The Finance Act, 2021 brought in several important amendments in the Income Tax, 1961. One such amendment was the inclusion of Section 194Q in the Act which governs Tax Deducted at Source (TDS) on purchase of goods. The Section came into effect on July 1, 2021. It has a few significant implications especially when coupled with Section 206C(1H) which governs Tax Collected at Source (TCS) on the sale of goods.

The new section is an interesting addition due to the fact that it is a move to address the shortcomings of the aforementioned Section 206C(1H) which was brought in the previous year. Due to some transactions being excluded from coming under TCS provisions, Section 194Q on TDS has been added this year.

When will TDS be deductible under Section 194Q?

According to Section 194Q, TDS will be deductible when a buyer makes a payment to a seller who is also a resident and the said payment is for the purchase of goods that are of value exceeding Rs. 50 lakhs. The said ‘purchase of goods’ refers to both capital and revenue goods. The rate of TDS is 0.1% of the said value which will increase to 5% when the seller does not have a Permanent Account Number (PAN). Another thing to note is that TDS is deductible under the section even when payment is credited to a suspense account (a section in a ledger that records entries which are uncertain leading to a need for further classification).

Who is a buyer?

The section defines who a buyer is in the explanation stating that a person who has total sales or gross receipts or turnover exceeding Rs. 10 crores in the preceding financial year will qualify as a buyer. Further, if the Central Government has expressly notified that a person cannot be a buyer or that TDS provisions would not apply, the aforesaid provisions will not apply.

When can TDS be deducted?

Now, the TDS can be deducted either at the time when the sum of money is credited to the seller or when the sum is directly paid. If the buyer does not comply with the provisions of this section, Section 40a(ia) will come into being through which expenditure up to a maximum of 30% of the value of goods will be disallowed.

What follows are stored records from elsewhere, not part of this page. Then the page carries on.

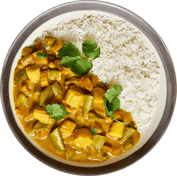 Foodhak's mild curry is inspired by delicious flavours from the Malabar Coast and rooted in Ayurvedic principles. This delicious ready-made dish features the comforting textures of butternut squash, the healthy qualities of the superfood kale, and delicate Indian-inspired flavours such as curry leaves and turmeric.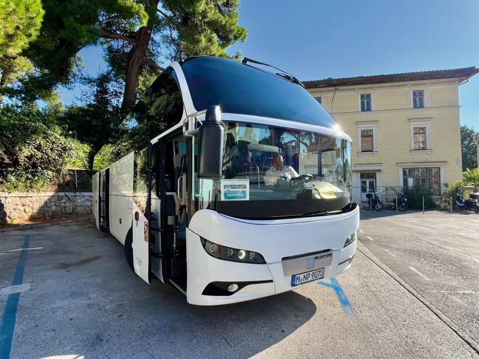 Nach dem Frühstück im Hotel ging es gestern um 09:00 Uhr weiter Richtung Kroatien. 11:45 haben wir Opatija erreicht und wurden herzlich an Bord von MS Olmissum begrüßt. Pünktlich zum Mittagessen ging es dann los – Kurs auf die Insel Krk. Kurz vor Stara Baska haben wir am wunderschönen Strand von Nagorka eine erste tolle Badepause eingelegt. Herrlich erfrischt sind wir gegen 19:00 Uhr in Baska angekommen. In dem beliebten Urlaubsort war ganz schön was los – Fischerfest von Freitag bis Sonntag. Wir sind hinauf spaziert zur Kirche Sveti Ivan, hoch über der Stadt gelegen. Von hier bot sich eine traumhafter Panoramablick über Baska und die vorgelagerten Inseln. Zurück im Örtchen klang der Abend in einem der zahlreichen Restaurants, begleitet von Livemusik, aus. Das Feuerwerk anlässlich des Fischerfestes war nochmal ein krönender Abschluss eines schönen Tages!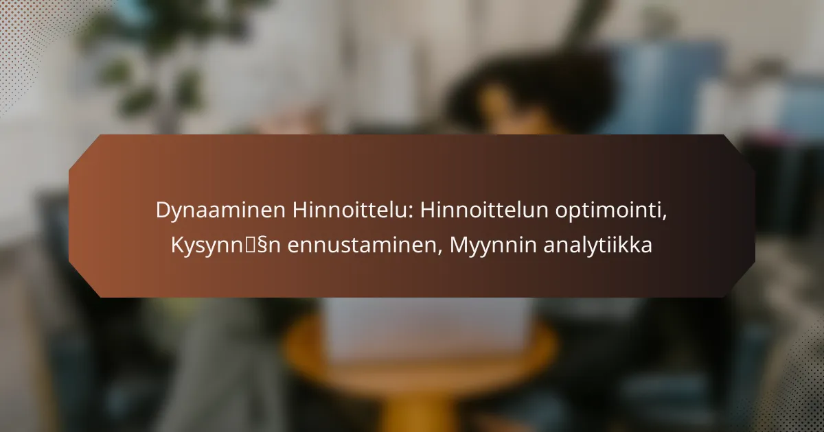 Dynaaminen hinnoittelu tarkoittaa hinnoittelustrategioiden jatkuvaa säätämistä markkinakysynnän ja kilpailutilanteen mukaan. Optimoimalla hinnoittelua yritykset voivat parantaa myyntiään ja voittojaan, mutta tämä vaatii tarkkaa analytiikkaa ja ennustamista.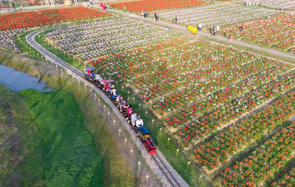 游客乘坐小火车徜徉在高明盈香生态园花海之中。佛山日报记者洪海摄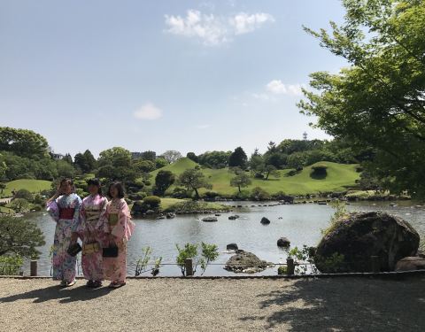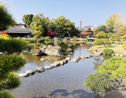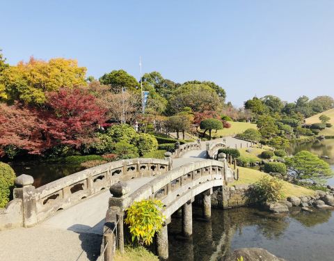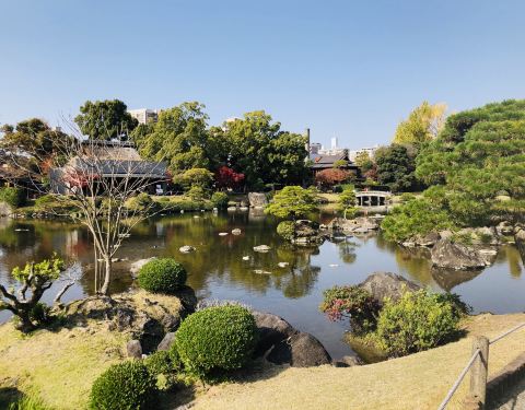 水前寺成趣园建于十七世纪时,占地七万平方公尺,为当时称“熊本”为“肥后”时的领主细川忠利所创建,原本只是设立为私人用之庭园“国府御茶屋”,之后经过细川纲利的细心维护和规划扩建,才有今日的规模。水前寺成趣园由来于陶渊明的诗词“归去来辞”,而取名成趣园。 游走于水前寺成趣园内可望见绿意盎然的树木花卉,感受自在悠间的轻松心情,美轮美奂的人工山水将水前寺衬托得非常整齐美丽,庭园内的水池中涌出的是来自于阿苏山脉的伏流水。另外还有古色古香的古今传授间、小桥、池塘、高大的鸟居门等,让水前寺成为景色优美富趣味性花园,宛如汇聚了趣味性而成的庭园;于出水神社内还有甘甜清澈的泉水称为“长寿之水”,也是水前寺内的一景,由于环境优雅景色宜人,吸引许多人前来观赏,因此水前寺成趣园为日本有名的美丽景点之一。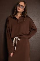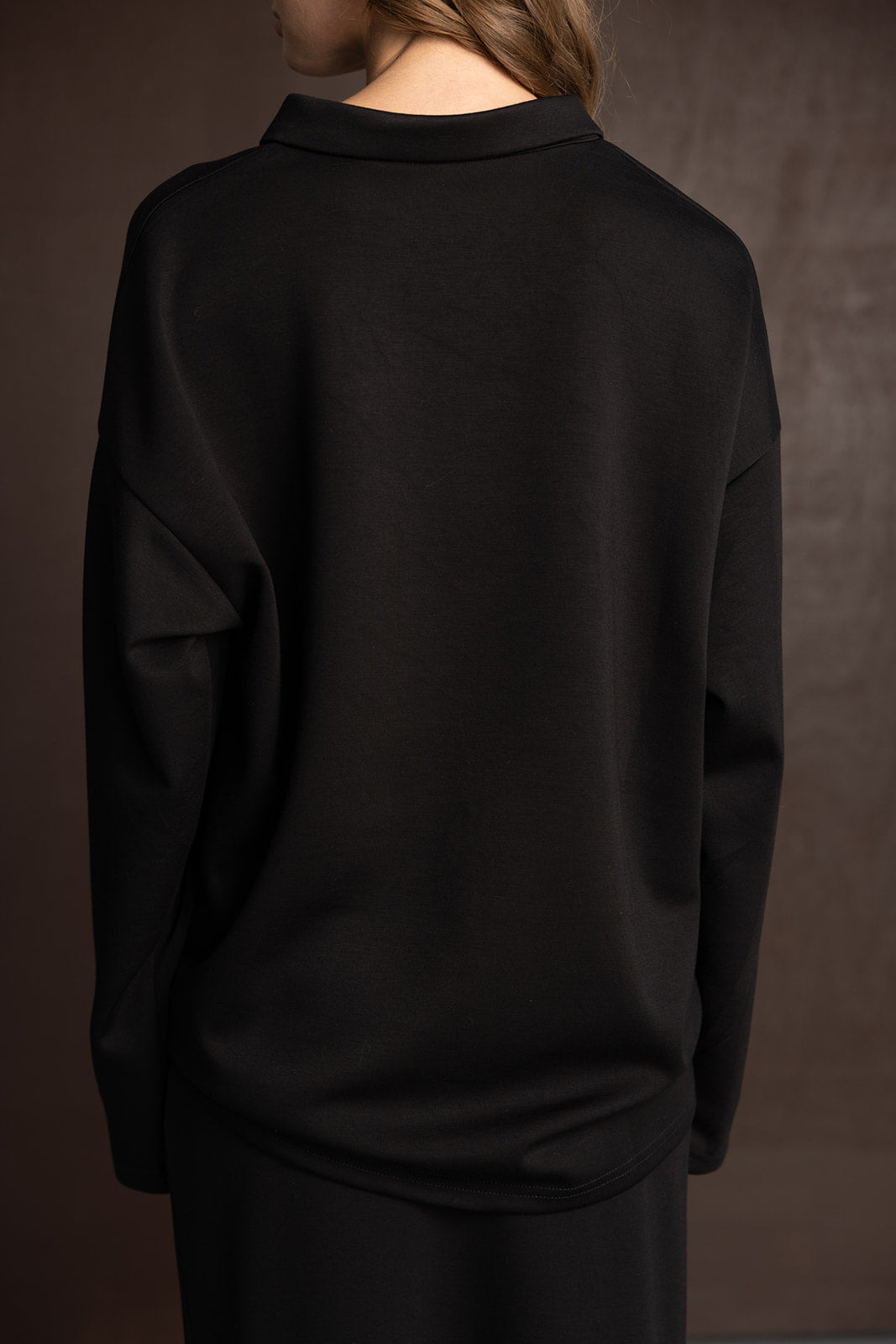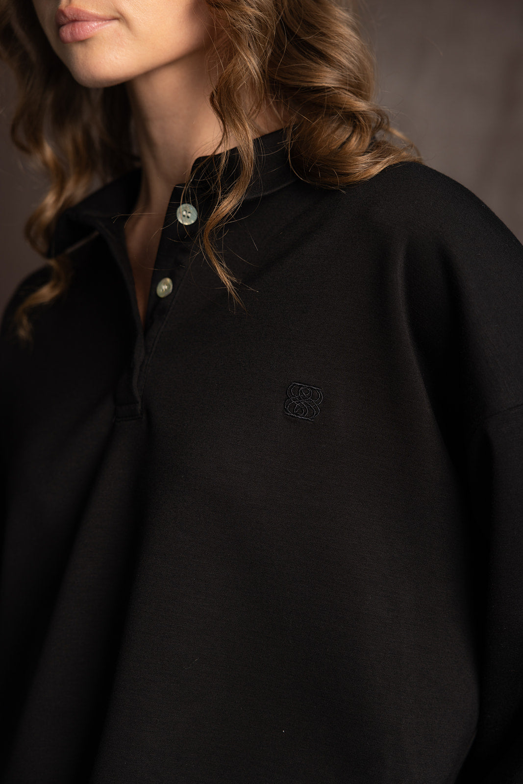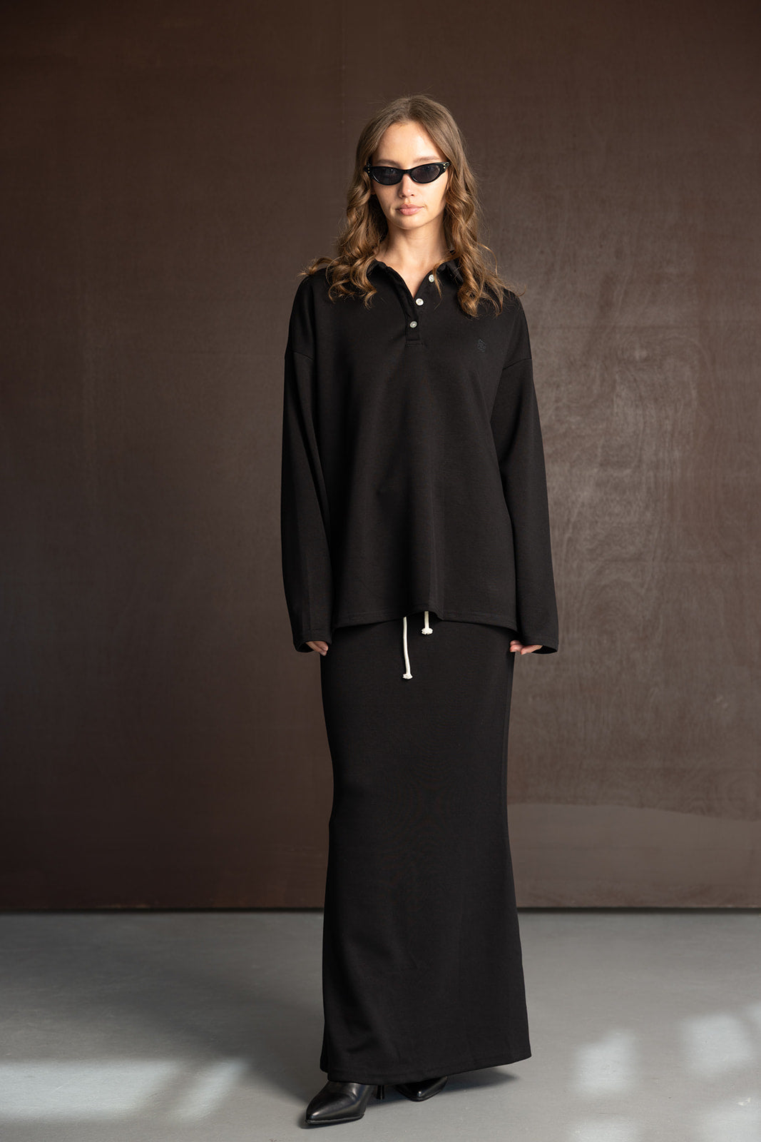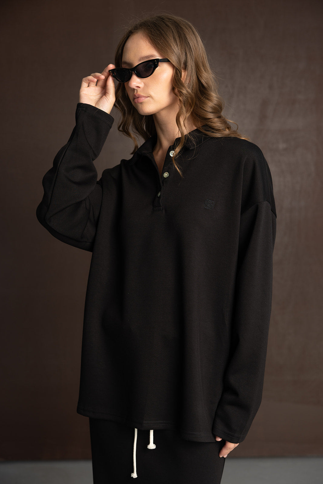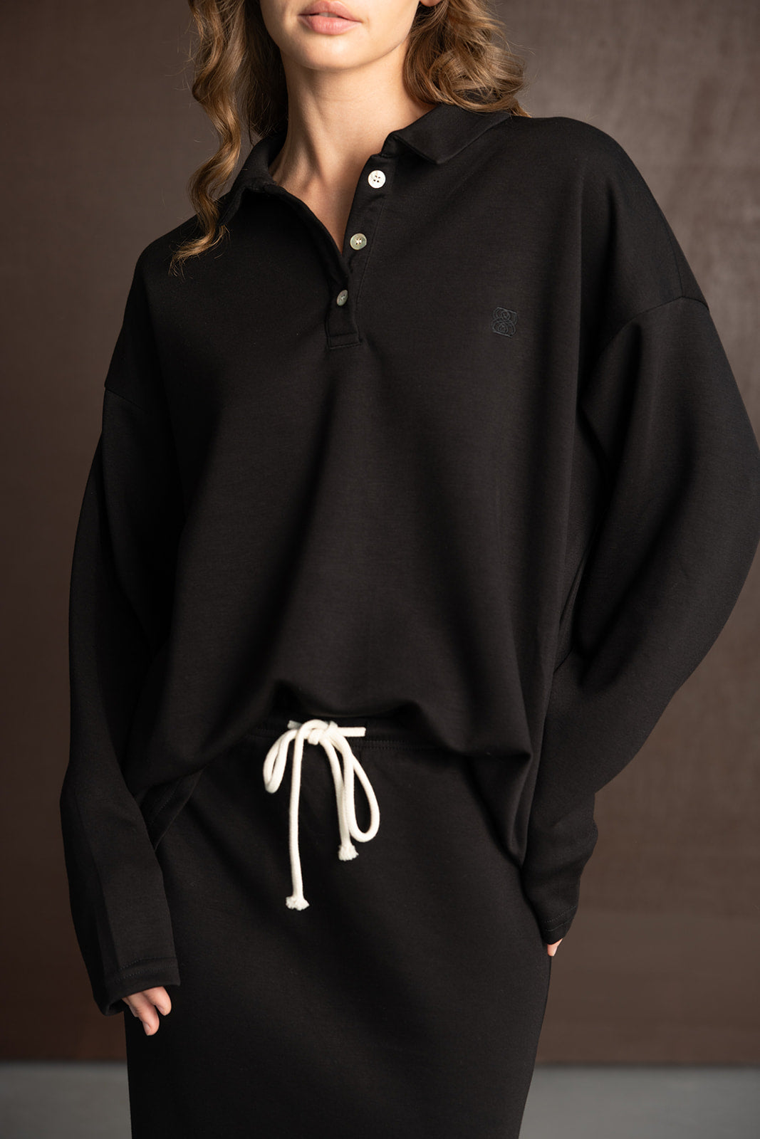חולצת פולו ארוכת שרוולים בגזרה מעט אוברסייז, עשויה מבד נעים ובגוון תואם לחצאית. הדגם כולל מפתח צווארון פולו עם כפתורים עדינים ושרוולים רחבים ליצירת מראה אלגנטי אך נינוח.

Exceptions to Section 194Q

One important exception to note with regard to Section 194Q is that it won’t apply if other provisions of the Income Tax Act mandate deduction of TDS in the concerned transaction. Yet another exception is when TCS is collectable on the transaction according to the provisions of Section 206C(1H) of the Act. 

When can TCS be collected under Section 206C(1H)?

As mentioned previously, Section 206C(1H) governs TCS on sale of goods. This provision will apply on a seller who receives a consideration for sale of goods with value more than Rs. 50 lakhs during a financial year. Further, the Section defines ‘seller’ as a person who has total sale or gross receipts or turnover exceeding Rs. 10 crore during the preceding financial year (similar to the definition of a ‘buyer’ under Section 194Q).

Now, when only Section 206C(1H) existed, there was the possibility of TCS provisions not being applicable even when consideration exceeded Rs. 50 lakhs due to the fact sales or gross receipts or turnover were not over Rs. 10 crore in the preceding financial year. Such transactions did not come under the purview of either tax collection or deduction and hence, the government sought to bring them under the same. This was why Section 194Q was introduced through the Finance Act, 2021. 

Mutual exclusivity of Section 194Q and Section 206C(1H)

Therefore, now both Sections co-exist to ensure that transactions are not exempt from tax collection or deduction due to the conditions not being met. But, it is important to note that the two sections are mutually exclusive, in the sense that if one starts to apply, the other will not apply. So if TDS can be deducted under Section 194Q, TCS can not be collected under Section 206C(1H) and vice versa.